×
This passion project of mine that I brought to Cornell Data Science involved finding opportunities to
exploit arbitrage via sportsbook webscraping, JSON parsing, and arbitrage calculations. Arbitrage
is defined as a scenario where two different sportsbooks have alternate odds expectations on a matchup;
because of this, placing bets on both sides of the match in both sportsbooks can theoretically make the
risk zero.
I utilized BeautifulSoup to scrape data from American and offshore sportsbooks, while overseeing
Python request management as some sportsbooks prevent to many pings to their data. Further, I extraced
JSON data from a third-party odds aggregating API, and parsed through large responses to get the necessary
data we needed (sportsbooks names, odds for both teams, etc. for all matchups in the sport).

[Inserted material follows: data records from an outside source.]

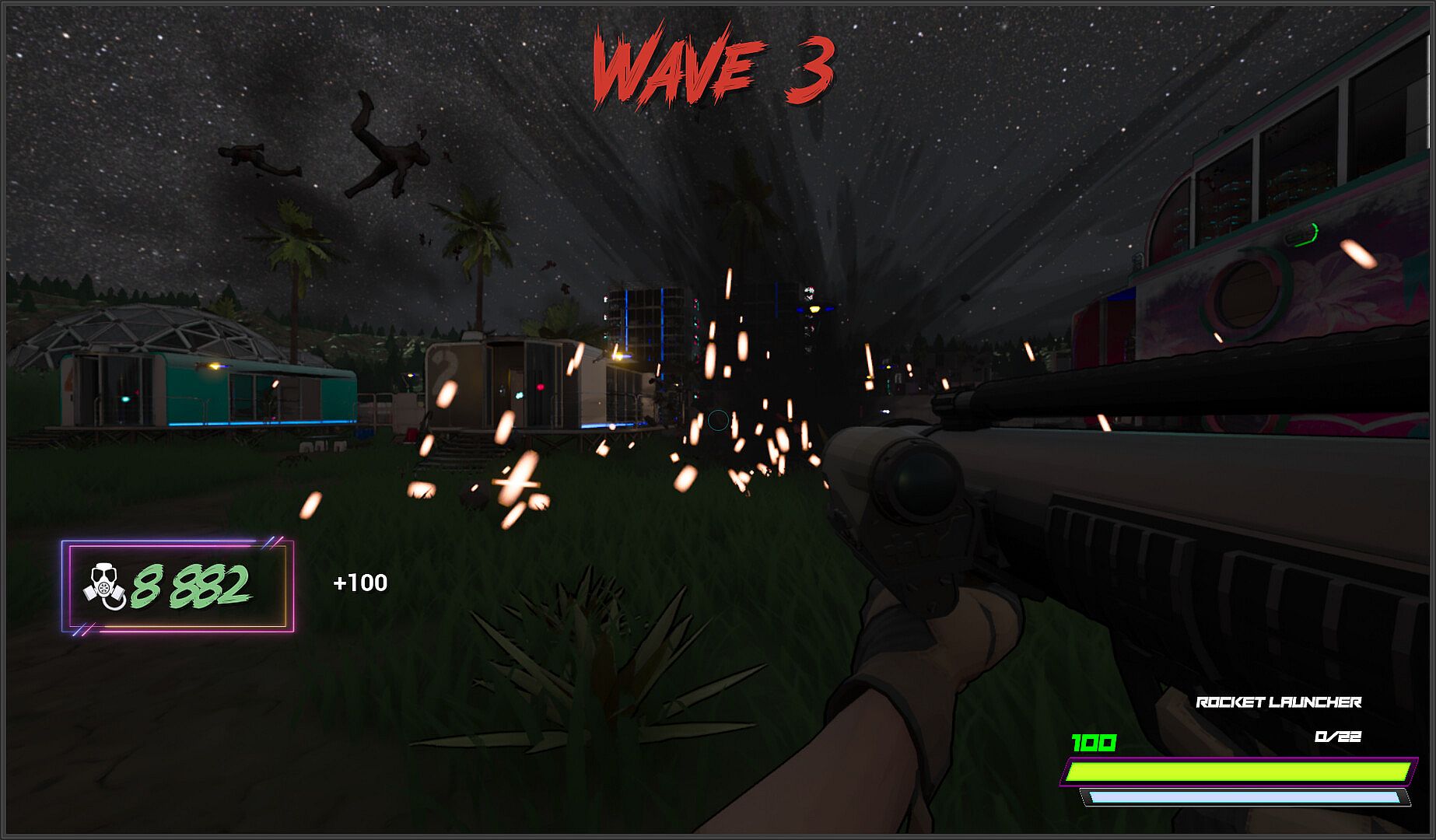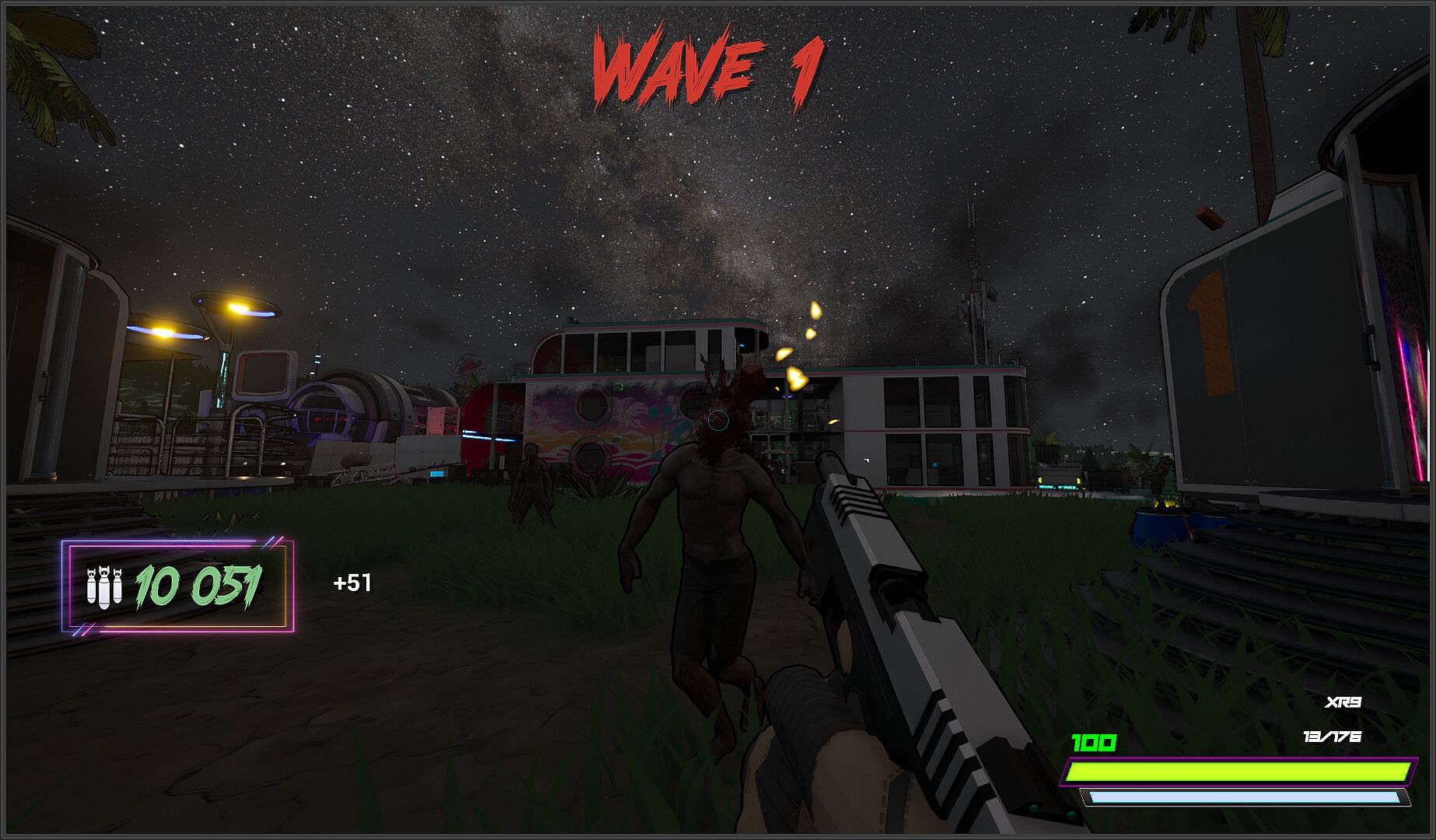 SynthwaveZ is a fast-paced, arcade-style zombie survival shooter set in a gritty, alternate 1980s world. Designed as a break from competitive multiplayer fatigue, this game lets you and up to 3 friends team up (or play solo) to fight off relentless waves of the un-dead.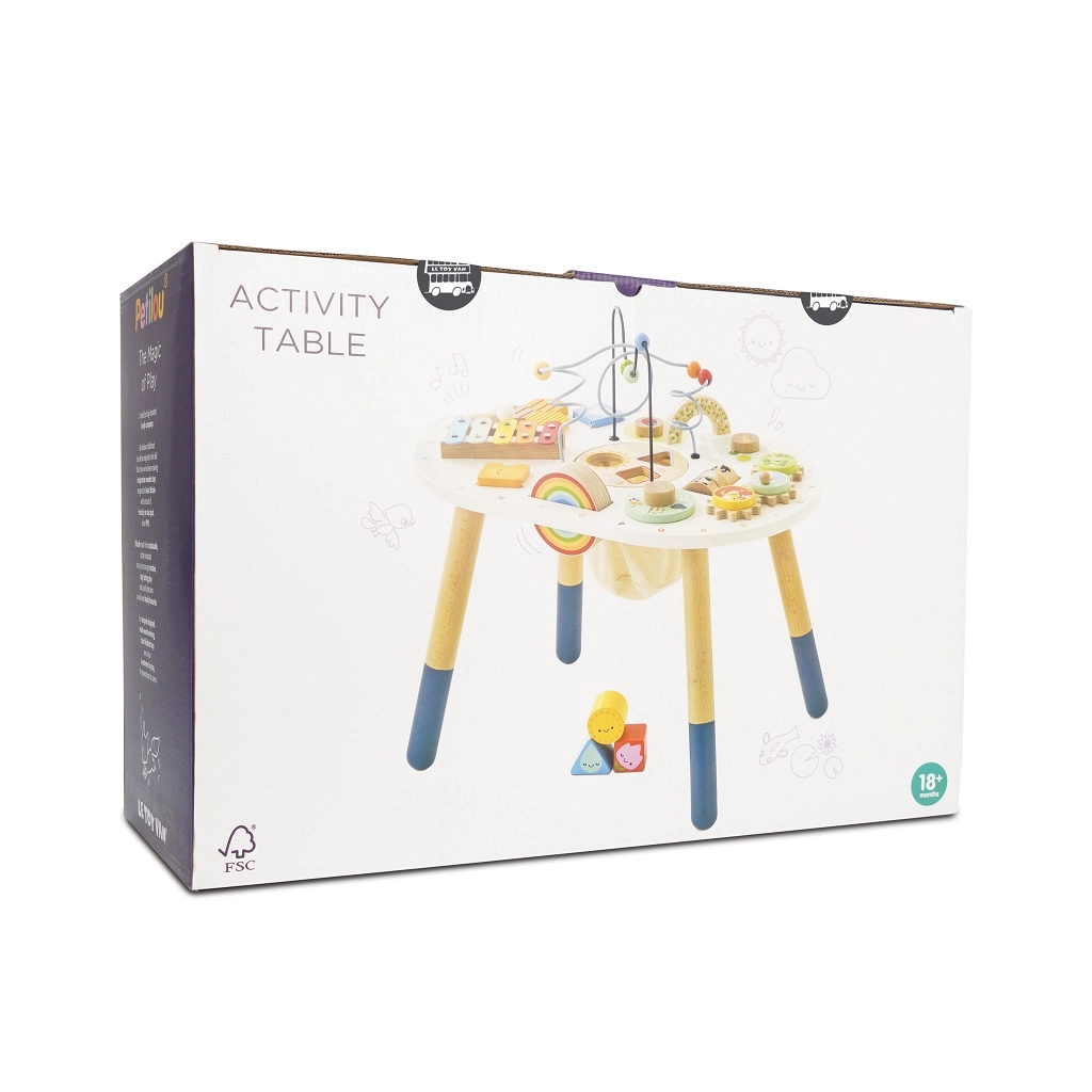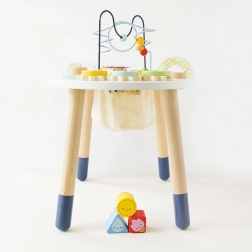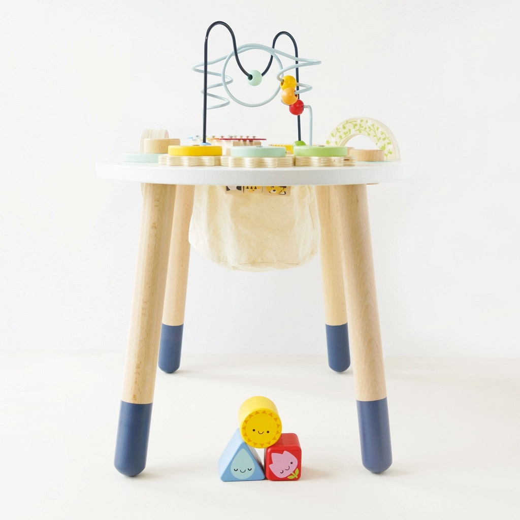 Descubra la versátil mesa de madera LE TOY VAN de la colección PETILOU, que desarrolla la motricidad fina, la coordinación y los sentidos de los más pequeños. Incluye laberinto de cuentas, xilófono, encaje de formas, engranajes, elementos giratorios y deslizantes y otras actividades ingeniosas. Fabricada con madera certificada FSC®, acabada a mano con pinturas ecológicas no tóxicas y diseñada para un juego prolongado, seguro y significativo.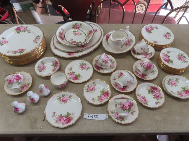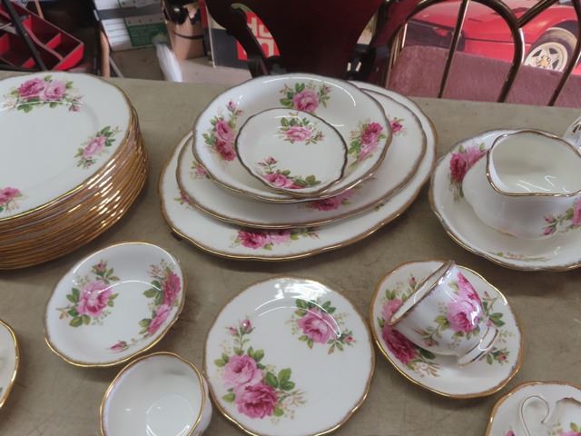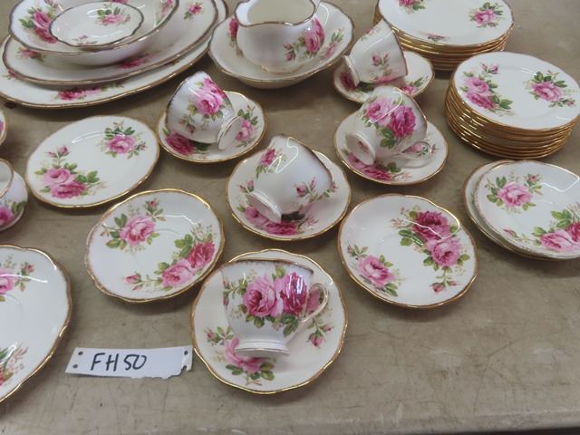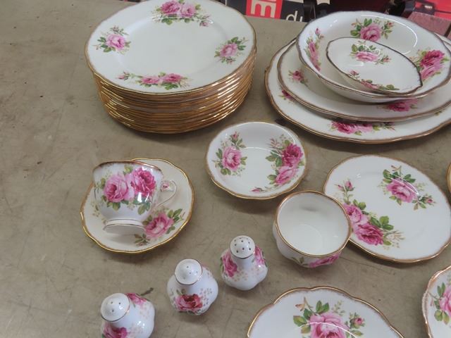 56 pieces Royal Albert " American Beauty' : Cups, Saucers, Plates, Gravy Boat, Platters, Trays plus more

Shown above is a sample API output from the third-party service. I had to go through this large
dictionary of data and develop a class structure in Python to store "events", and then identify the key
tags that were critical for an arbitrage calculation on a matchup. The right image shows a Pandas
dataframe from another third-party API for a series of baseball games. As indicated by the arbyHA and
arbyAH columns, the higher the first percentage in the tuple the more likely an arbitrage opportunity
exists.
We found that over all opportunities found, arbitrage trading led to higher profits in 46.3% of scenarios
compared to traditional betting on the favorite. This project was interesting in examining an alternative
betting strategy by leveraging computer science fundamentals, but also demonstrated that such a strategy
is most likely not feasible for most people unless they have a large amount of data and capital to gamble
on.